Mansour El Souwaim (Arabic: منصور الصويم, born 1970 in Nyala, Sudan) is a Sudanese writer and journalist. He has published both novels and short stories. He was invited to join the first IPAF Nadwa (Arab writers' workshop) as well as  the Beirut39 young Arab writers project, and has received international recognition through translations of his novels into English and French.

Biography 
El Souwaim was born in Nyala in southern Darfur, and lives and works in the Sudanese capital Khartoum. He started writing in 1990 and was first published in 1995. Up to 2021, he has released five novels and two collections of short stories. His first novel was called Tukhoum Ar-Ramad (Boundaries of Ash) and translated into English in 2012. His second novel, entitled Dhakirat Shirrir (Memoirs of a Villain), received the Tayeb Salih Award for Creative Writing, named after the famous Sudanese novelist, in 2005. It was published in French in 2021 and received a positive review in the literary section of Le Monde newspaper.

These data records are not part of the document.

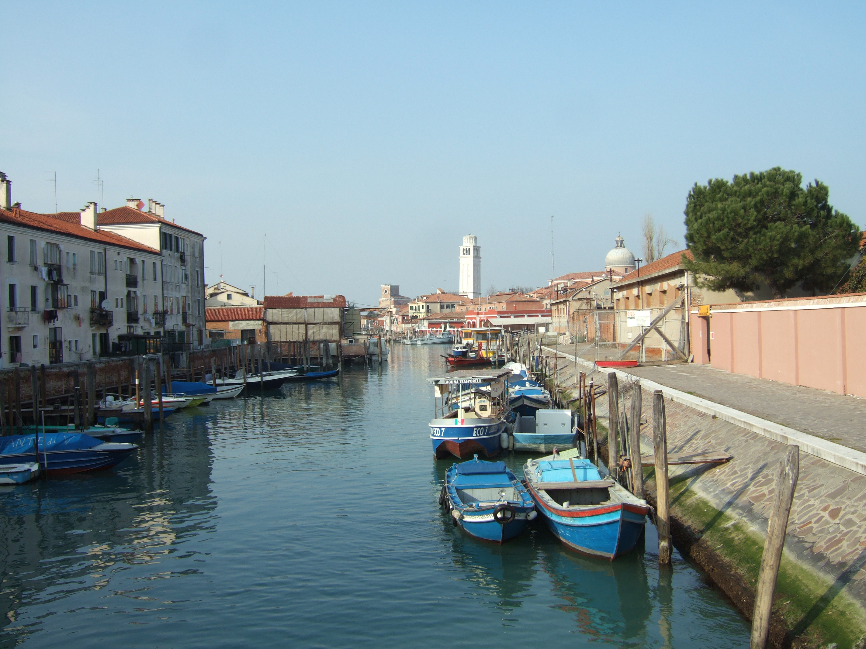 Rio dei Giardini north of Ponte del Paludo (Venice)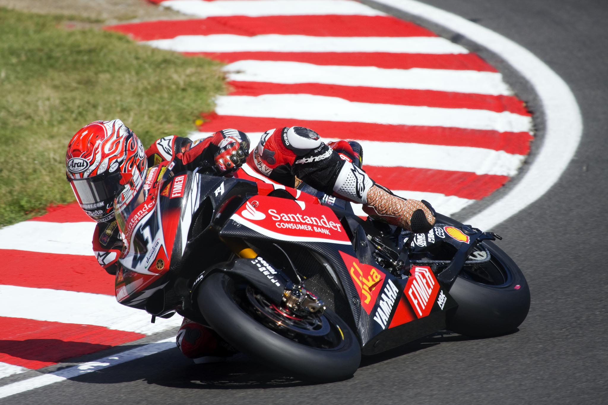 World Superbikes 2008 at Brands Hatch UK, Druids bend. Practice Day. Yamaha YZF-R1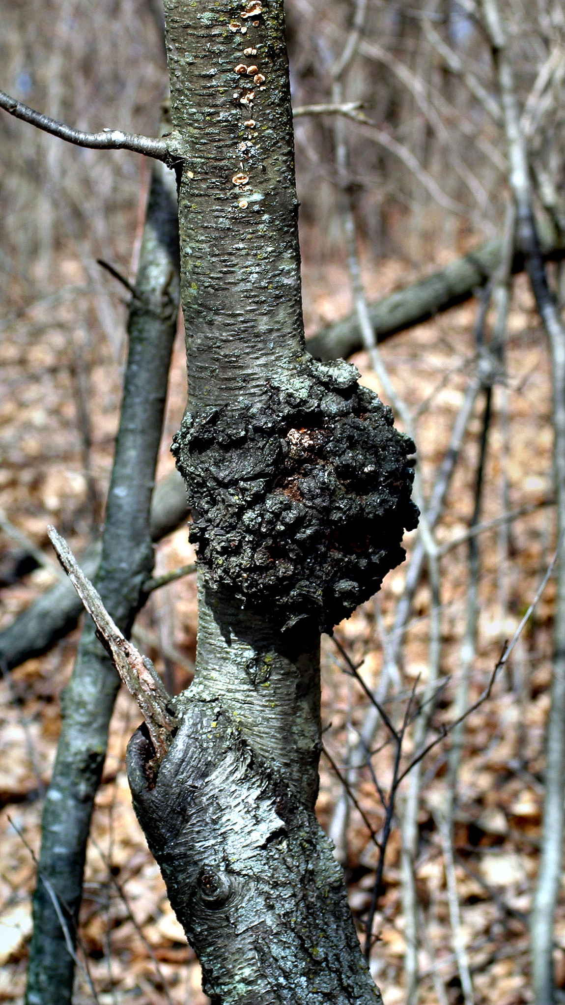 Black knot infection of Black Cherry in Minnesota.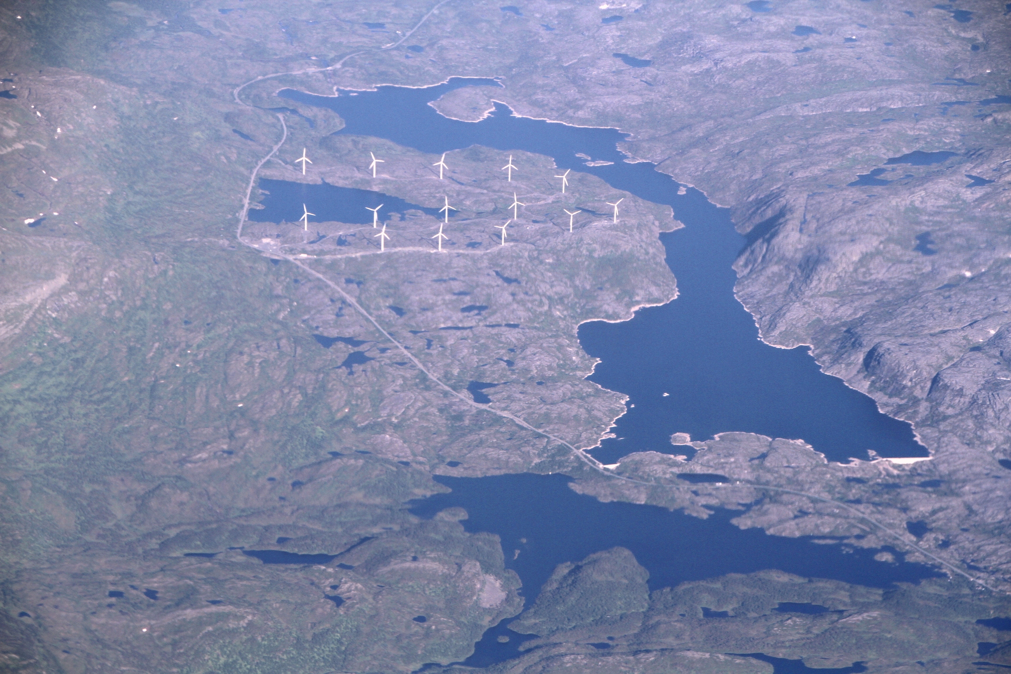 Image from the west towards east, over Narvik municipality, Nordland (Norway).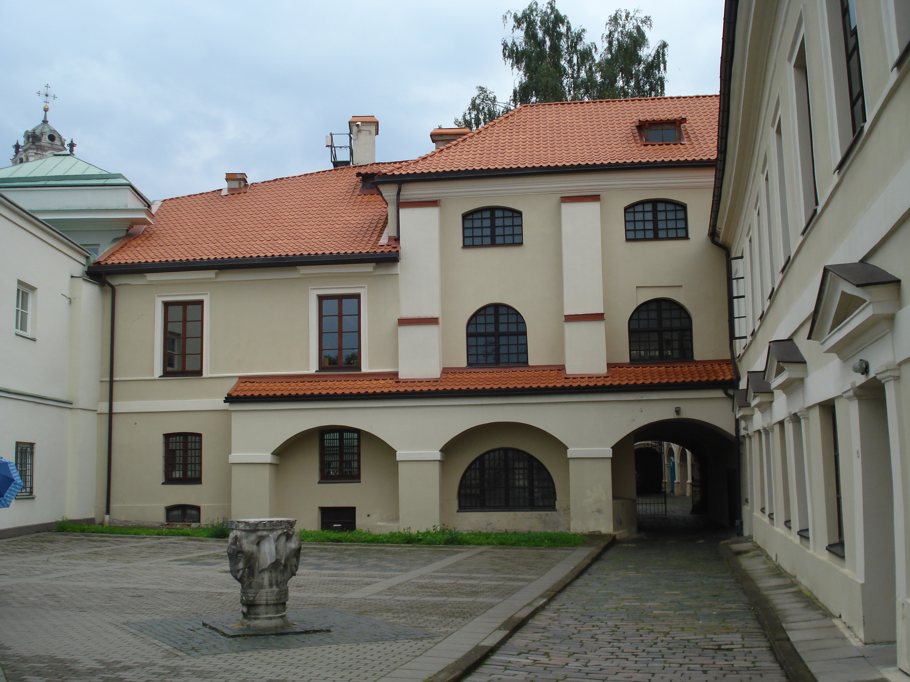 Alumnat in Vilnius (1622; Universiteto g. 4)

In 2009, El Souwaim was invited by the inaugural IPAF Nadwa (Arab writers' workshop). In 2010, he was one of the Beirut39, a group of 39 Arab writers under the age of 40, chosen through a contest organised by Banipal magazine and the Hay Festival. In 2011, El Souwaim received a grant by the Arab Fund for Arts and Culture (AFAC)  for his next project, a historical novel entitled The Last Sultan. In 2023, he was awarded his second Tayeb Salih International Award for Creative Writing for his novel Blue Algae.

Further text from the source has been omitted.